The real danger of not upgrading, Malesic said, is that hackers now know XP operating systems will be extremely vulnerable.
Sutton believes hacker attacks on XP-run systems will increase in the next few weeks and months.
While cost is one reason companies might not have upgraded, Malesic said there is also the fear of change, especially for employees who might not be particularly tech-savvy.
“We’ve really been trying to lay it out for our clients,” Malesic said. “I have been telling them, ‘You can pay me now to do the upgrade, or you can pay me later to remove the viruses — if I can. Either way, you’re going to be paying. Let’s not be in crisis mode.'”
Will bank ATMs be vulnerable without Windows XP upgrade?
The banking industry in particular is under the microscope over the loss of support for Microsoft Windows XP.
More than 95 percent of ATMs around the world at one point used XP, though that number has gone down with recent upgrades, according to Nick Johnson, vice president of risk management policy at the American Bankers Association.
He said there isn’t a way to know yet how many banks have upgraded their ATM software, and banking officials said there are a couple of popular plans of action banks have adopted in regards to the end of XP support.
The first is akin to what Pittsburgh-based PNC Bank is doing — not upgrading the system but making an agreement with Microsoft to continue support for Windows XP in the bank’s 7,400 ATMs.
Marcey Zwiebel, spokeswoman for PNC Financial Services Group Inc., parent company of PNC Bank, would not reveal the terms of the agreement but said there are no concerns about delaying an upgrade.
“We do not expect this to be an issue for PNC,” she said in an email.
The Pennsylvania State Employees Credit Union of Susquehanna Township took the opposite approach and decided to not just update the operating system at its 143 ATMs but also to upgrade the ATMs so they soon will be able to read “chip” cards, popular in Europe but not yet here.
A chip embedded in the card can deactivate the card if it is stolen.
Ruback said government regulation concerning liability of ATM machines and chip credit cards is coming in 2016, so instead of upgrading the machines again in two years, PSECU decided to do it all now.
It will cost PSECU about $403,000 to make the ATM upgrades, according to spokeswoman Margaret Delmonico.
The credit union expects to have the updates complete by May 31, said Tom Ruback, the company’s vice president of card services.
Between April 8 and then, the security issues for a personal computer using XP are different from those that threaten an ATM because of all the security settings already installed.

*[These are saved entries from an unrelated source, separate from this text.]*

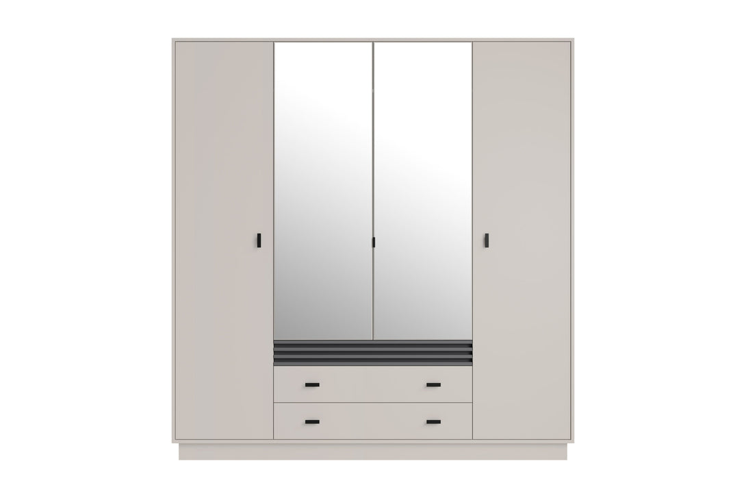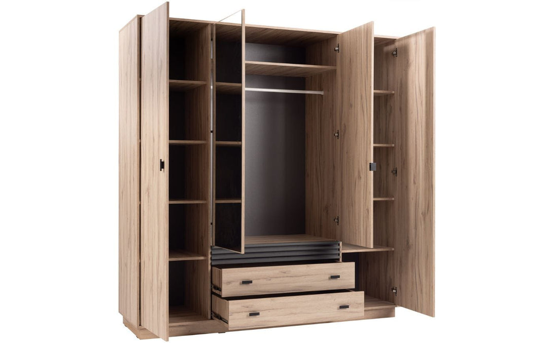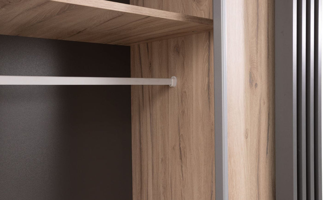 Dieser geräumige Kleiderschrank aus dem ALLMO System eignet sich ideal für Schlafzimmer, Ankleidezimmer oder moderne Flure. Die Kombination aus heller Estana Eiche und Anthrazit verleiht dem Raum einen zeitgemäßen, warmen Charakter. Hinter den Türen befindet sich eine funktionale Innenaufteilung, die ausreichend Platz für Kleidung, Wäsche und Accessoires bietet. Die robuste 16-mm Laminatplatte sorgt für Stabilität, während ABS-Kanten zusätzlichen Schutz garantieren. Dank Spiegeltür erhält der Raum mehr Tiefe und Licht, was den Schrank besonders praktisch im Alltag macht.
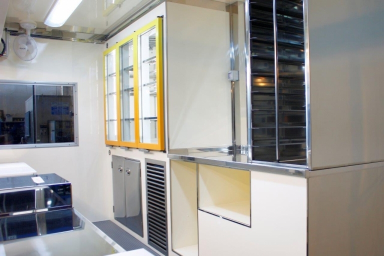 Manufacturing of a trailer mobile shop truck used as a bakery.
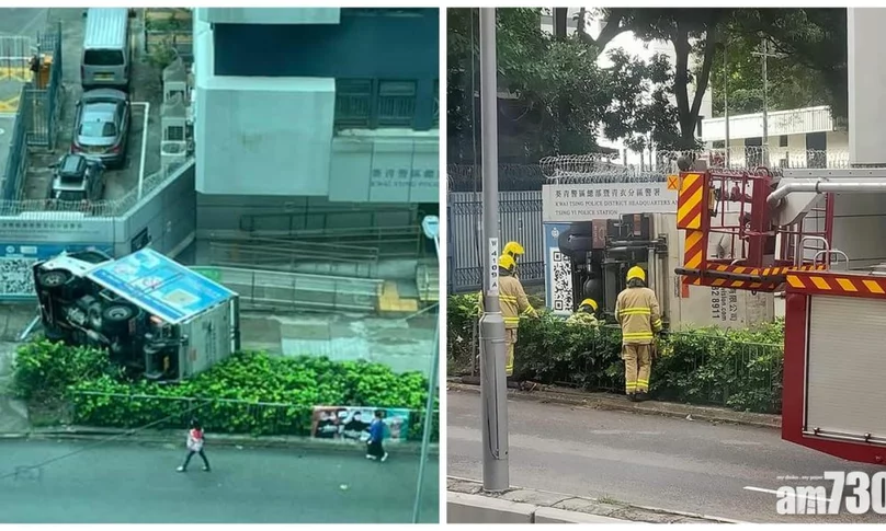天眼直擊|貨車青衣警署外自炒翻側險撞途人
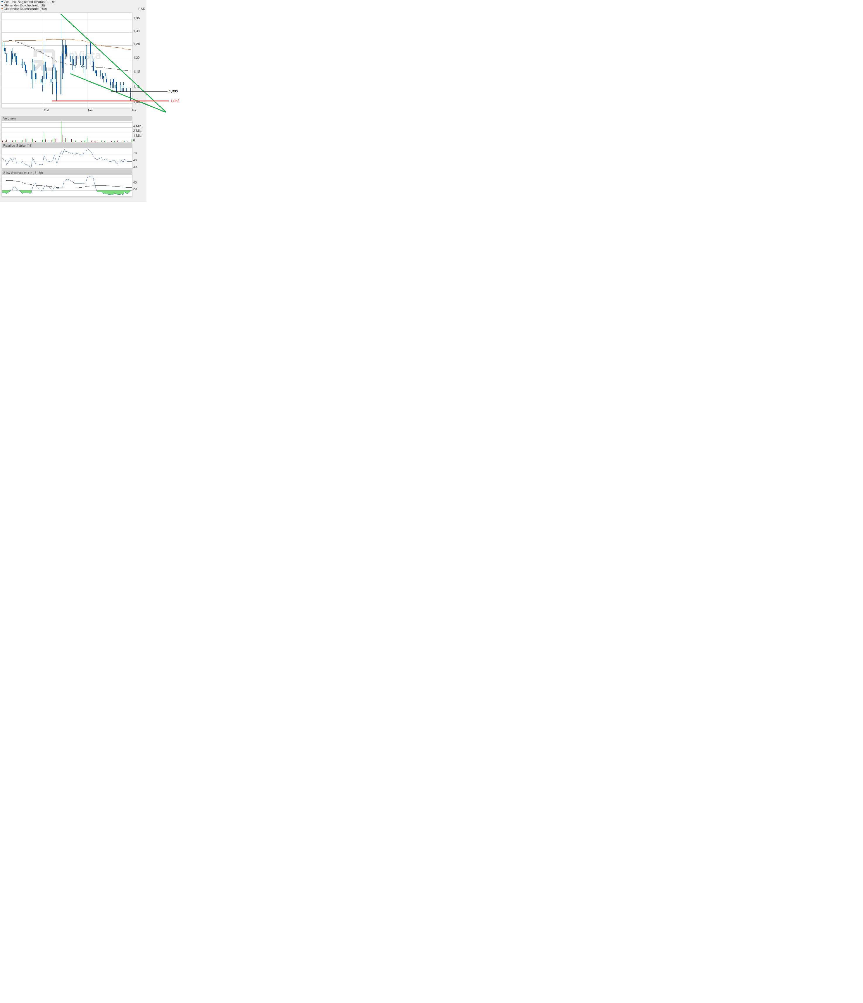 Aber was ist gestern eigentlich passiert? Eigentlich nichts. Kein Kurs unter 1,06$. Damit bleibt die Welt in Ordnung. Schlusskurs 1,08$ im Keil. Aber das kennen wir ja schon.

Johnson also said the version of XP used in ATMs is different from that in personal computers and has withstood the test of hackers.
“Most of the ATM compromises come from outside the box,” he said, adding that most ATM security attacks normally come from people or devices that can see a PIN as the customer enters it on a screen. “That gives institutions a little level of comfort to do both upgrades at the same time instead of looking at April 9 as a magic date.”